The U.S. Securities and Exchange Commission (SEC) made history this week, approving the first-ever Bitcoin exchange-traded funds (ETFs) to launch in the US–and setting up the crypto market for a renewed bull run.
With finance giants like BlackRock, Invesco, Fidelity, Grayscale, and Ark Invest now firmly established in the crypto market, it’s wise not to discount cryptocurrencies as an important part of one’s portfolio alongside stocks and bonds.
On the first day, ETF funds brought in a staggering $4.6 billion volume, shattering the record previously held by Gold ETFs at $1.63 billion on opening day back in 2004, confirming intense demand.
In the wake of this historic milestone, here are five digital assets investors should consider adding to their crypto portfolios.
The SEC’s approval
will finally open up Bitcoin to a wide swath of conventional investors who previously faced barriers to exposure.

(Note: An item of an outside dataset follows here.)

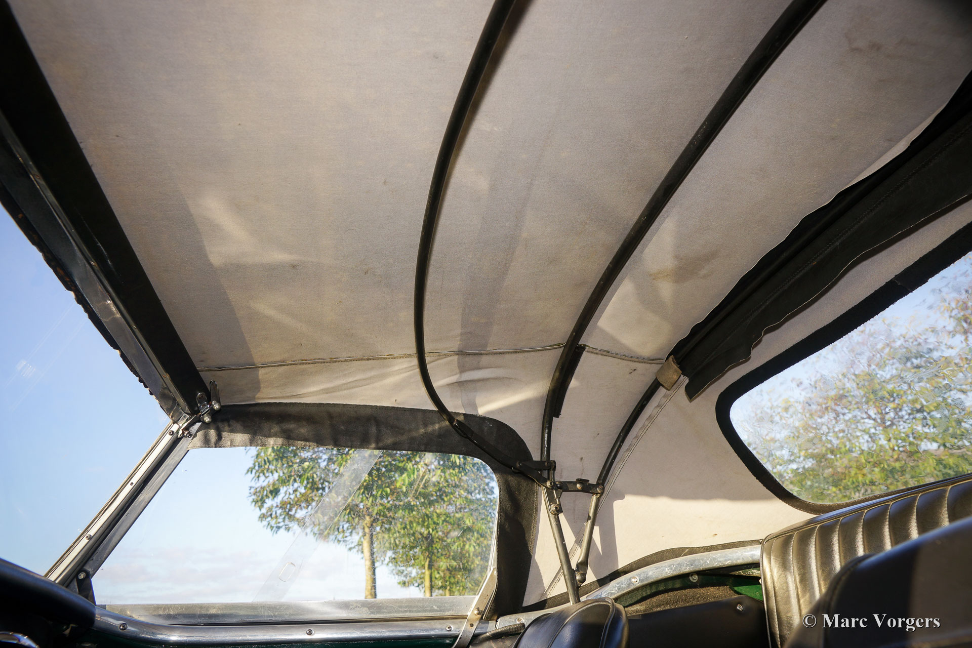 The former Healey models were more Spartan and featured fully detachable soft tops with separate side screens which could be stowed away in the booth.
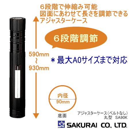 図面にあわせて長さを調節できる。6段階で伸縮自在の図面ケース 水に強く軽くて丈夫なプラスチック製。ポスターや図面の持ち運びや長期保存に最適。 商品名 アジャスターケース 丸型 ベルトなし 品番 SA90K ブラック サイズ 内寸径:90mm、長さ:590〜930mm 仕様 6段調整 ベルトなし 丸筒タイプ 材質 硬質ポリエチレン メーカー 桜井株式会社 ※他のモール及び店頭売りと在庫を併用しておりますのでご注文後でも在庫切れの場合がございますのであらかじめご了承下さい。 【関連商品】 図面ケース A1、A0対応 アジャスターケース 販売価格 2,205円 (税込) 図面ケース A1、A0対応 アジャスターケース 販売価格 2,940円 (税込) 図面ケース A1、A0対応 アジャスターケース 販売価格 2,205円 (税込) 図面ケース A1、A0対応 アジャスターケース 販売価格 2,940円 (税込) アジャスターケース ベルト 図面ケースバンド 販売価格 1,260円 (税込) ノックス カードサイズスタイル テンプレート 販売価格 483円 (税込) IDeo IDカードホルダー 吊り下げ名札 販売価格 1,512円 (税込) ぺんてる 多機能ペン ビクーニャEX 販売価格 1,050円 (税込) ペン立てになる筆箱 販売価格 1,050円 (税込)

Big institutional fund managers have now added Bitcoin to their investment funds, with retirement planners able to include it in employer-sponsored 401(k) plans. Rather than grappling with the complexities of direct cryptocurrency ownership, mainstream investors are now able to access Bitcoin through trusted financial institutions and regulated fund structures.
Beyond just increasing accessibility, the game-changing move also further established Bitcoin’s legitimacy in the eyes of both retail and institutional investors. Bitcoin can now securely sit alongside traditional assets like stocks and bonds in conventional portfolios.
Gold did, roughly, a 5x in 10 years, once the ETF was approved, and there is virtually an unlimited supply of gold.
Imagine what will happen to Bitcoin.